Yesterday afternoon Robbie texted me something called “23 Brunch Recipes To Knock Your Socks Off.” He asked me two different times if I’d had a chance to look at it, and I just shrugged him off.

This morning he mentioned it again and, fueled by my coffee, I proceeded to explain that NO, I had not looked at it, because why should I go to all the trouble of making Nutella and Bacon-Stuffed French Toast? The kids never eat anything I cook, and half of the time you don’t either because YOU ARE SO DAMN PICKY and I have never in my life experienced a grown man who wrinkles his nose at nuts in banana bread.

Once I got going, I couldn’t stop. I ranted on and on about how at the beginning of our marriage I was so gung-ho about cooking for my husband and while I tried to work around his absurd pickiness it seemed like I always fell short — the man much preferred McDonald’s over whatever I cooked at home. Sometimes I make things that aren’t fantastic, obviously, but most of the time everyone else eats it so it can’t be that bad. One Christmas I made, from scratch, a huge chocolate cake from a Southern Living recipe and brought it to our family gathering. Robbie was the only one who didn’t even want to taste it. I recall my grandpa being aghast. I just shrugged and said “He’s picky,” but really and truly, it hurt my feelings.

I don’t know why I chose this particular situation to air my frustrations over almost 9 years of trying to feed a man who won’t eat anything that doesn’t come from a box. But I did. And even as it was happening I thought, I need to shut up. But I didn’t.
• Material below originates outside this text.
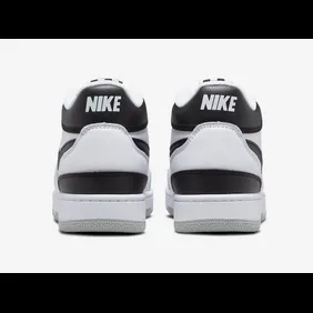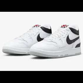 The sneakers feature a light grey rubber sole with a clean white midsole. White leather and mesh dominates the uppers, with more white overlays. The theme continues with white laces and an all-white sock liner. A black Swoosh, and black leather overlays near the heel and sock liner, add a new dimension to the sneakers. Red Nike branding sits on the tongue, atop checkered branding. White Nike branding is found on the heels, on the black leather heel tab.

A few hours later I chatted with one of my gym friends after our class. Her three children are grown now, and one is dating a boy she really likes. “I don’t want to get too attached to him,” she said. I nodded in understanding before telling her my mom tried hard not to get attached to my boyfriends after I had a really bad breakup. But then I went on to say that when she met Robbie, she really liked him even though my dad couldn’t STAND HIM for at least the first year.

She laughed and asked me why. Oh … let’s see. Probably because the first time he met my parents was when they popped in at my apartment at 7 a.m. to hang blinds and I was like, “Oh, hi, you were supposed to call first. Mama, Daddy, meet Robbie.” And once it became apparent that he was sticking around for awhile, they took us to dinner and my father asked him “What do you want to do with your life?” And he answered, “I’d like to own a bar.”

But here we are, 9 years and 3 kids later and still married. Robbie and my dad work together now. We do not own a bar. My friend cracked up before saying to me: “Love your husband. Love your kids. You’re doing something right — you just keep doing it. ”

So Robbie, I’ll keep trying to cook for you if you agree to keep trying to eat it. But I draw the line at Pancake Fried Sausage Patties.